— REQUIRED ACTION —
After locating the line that holds "MUJI 일본식 순면", copy that line and all that follow it word for word through the end of the data, with no pictures.
+++ MATERIALS PROVIDED
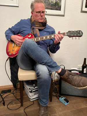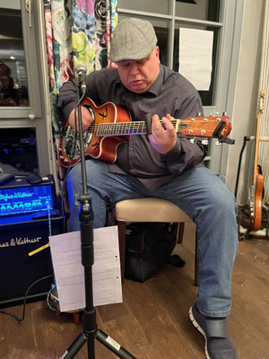 Akustic vs. Elektro: sie ergänzten sich bestens und bescherten den Gästen im Café Q einen ganz besonderen Abend mit überwiegend Eigenkompositionen und einigen Springsteen-Covers, mit nachdenkliche Songs und Schmissigkeiten. Robert Oberbeck, nun bereits zum fünften mal in Niederdieten, diesmal gekonnt ergänzt durch Slowhand-Dennis Wutzke.
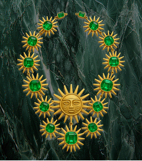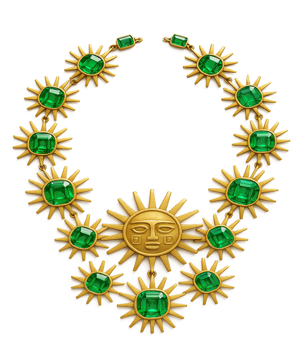Each piece is constructed with radial precision, crafted by artisans over countless hours. The emeralds are laid into a woven leather box lined with alpaca wool, and crowned with a golden sun mask — complete with an emerald third eye. It is jewelry as ritual, executed with reverence and light.
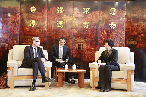 陈旭与佩森先生会谈。记者 张宇 摄
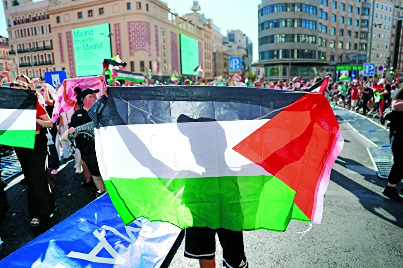 Alalpardo ve Madrid arasındaki yarışın son etabından Filistin yanlısı göstericiler sokağı ele geçiriyor. Filistin bayrağını gösteren kişinin yüzünü göremiyoruz. Ancak yansıyan gölge için insanlığı temsil ediyor diyebiliriz. Kimlik meçhul, duygu tanıdık.
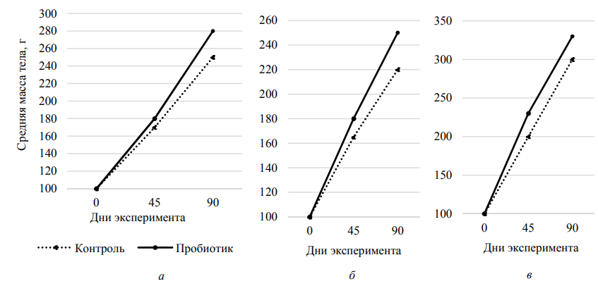 Показатели роста рыб, получавших пробиотические и контрольные корма
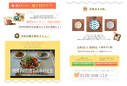 そこで、調理のご案内にあわせて、100円ショップ等で手軽に買えるお皿で盛付けることで
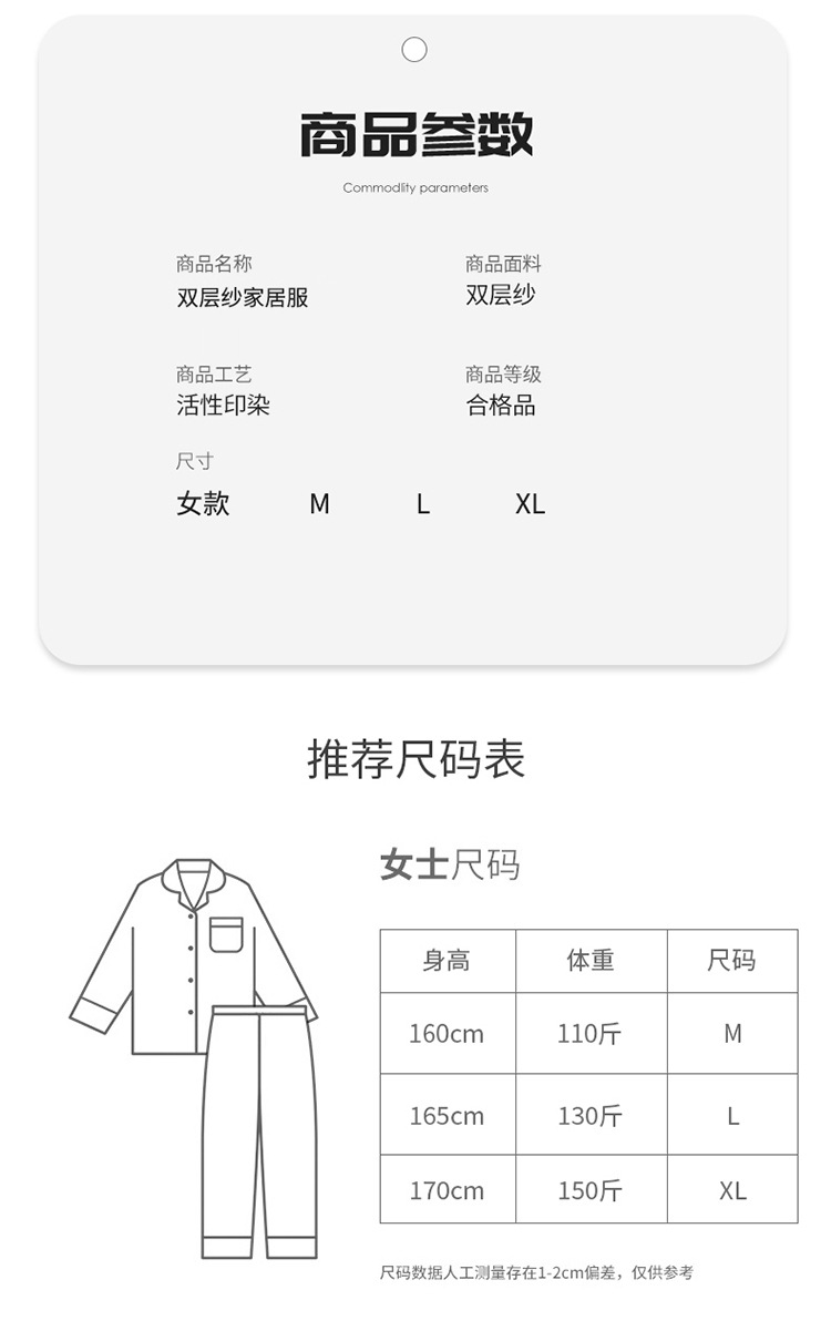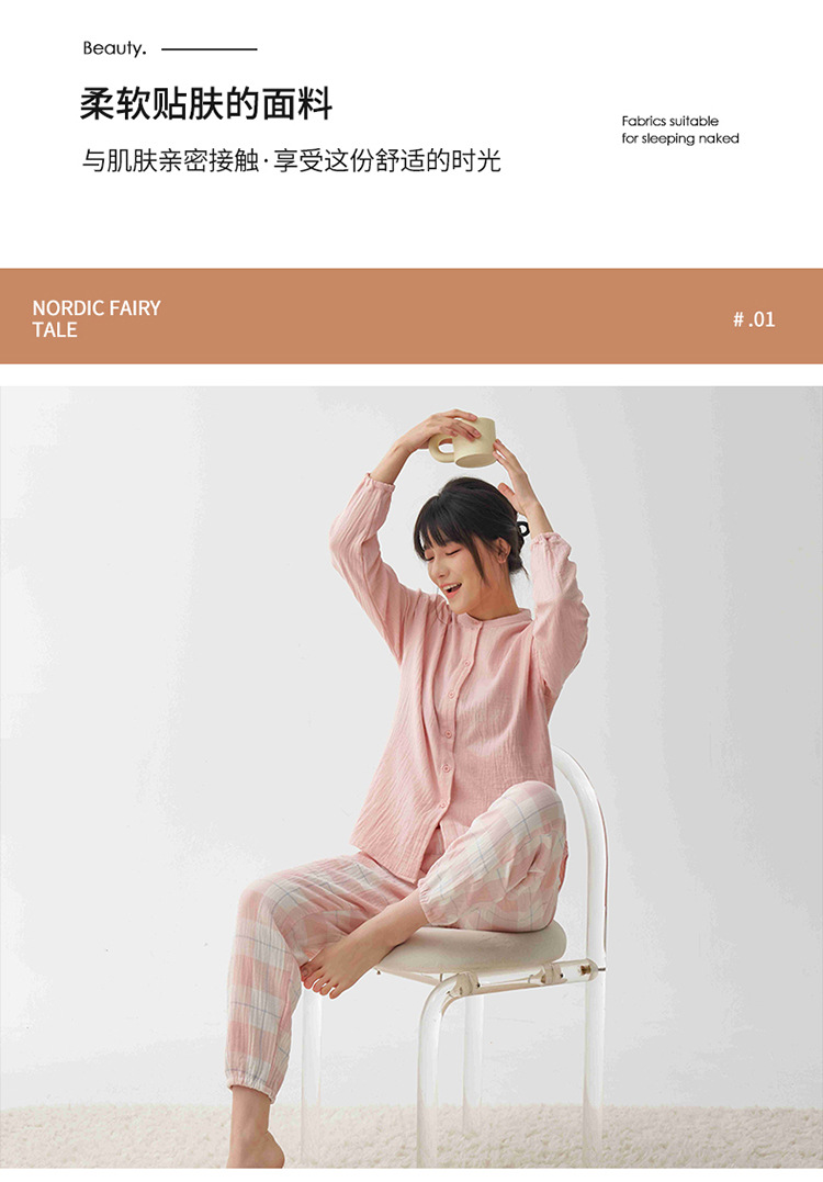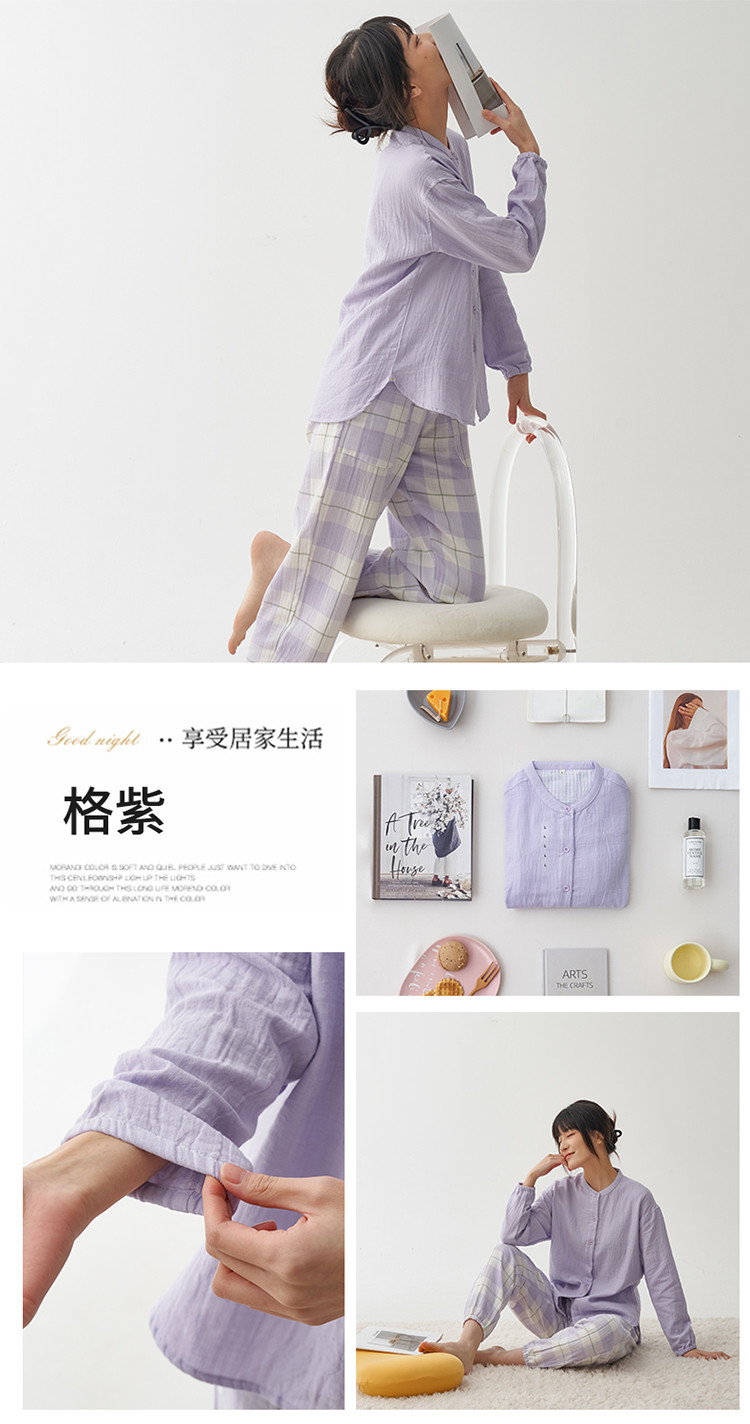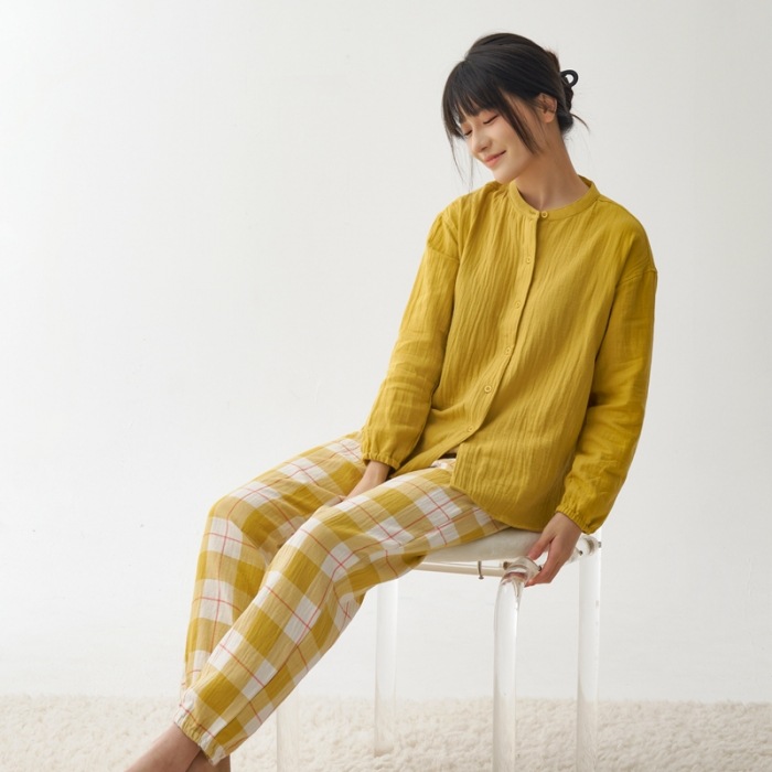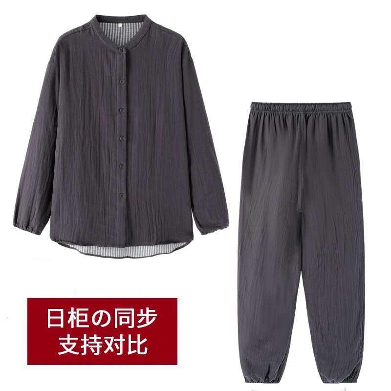 MUJI 일본식 순면 2 층 원사 잠옷 여성용 봄과 여름 순면 남성 가정복 커플 파자마 바지 세트스토어 가기
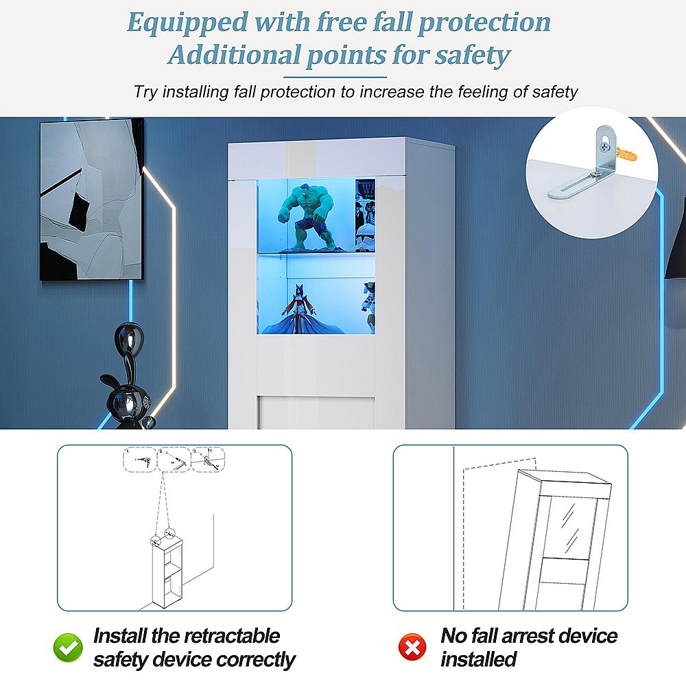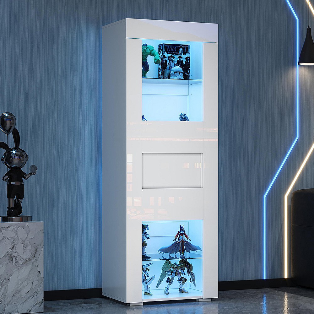 Vitrine armoire de rangement LED brillante porte acrylique 2 étagères verre buffet haut salon canapé blanc
++++++
— EXPECTED ANSWER —
 MUJI 일본식 순면 2 층 원사 잠옷 여성용 봄과 여름 순면 남성 가정복 커플 파자마 바지 세트스토어 가기
 Vitrine armoire de rangement LED brillante porte acrylique 2 étagères verre buffet haut salon canapé blanc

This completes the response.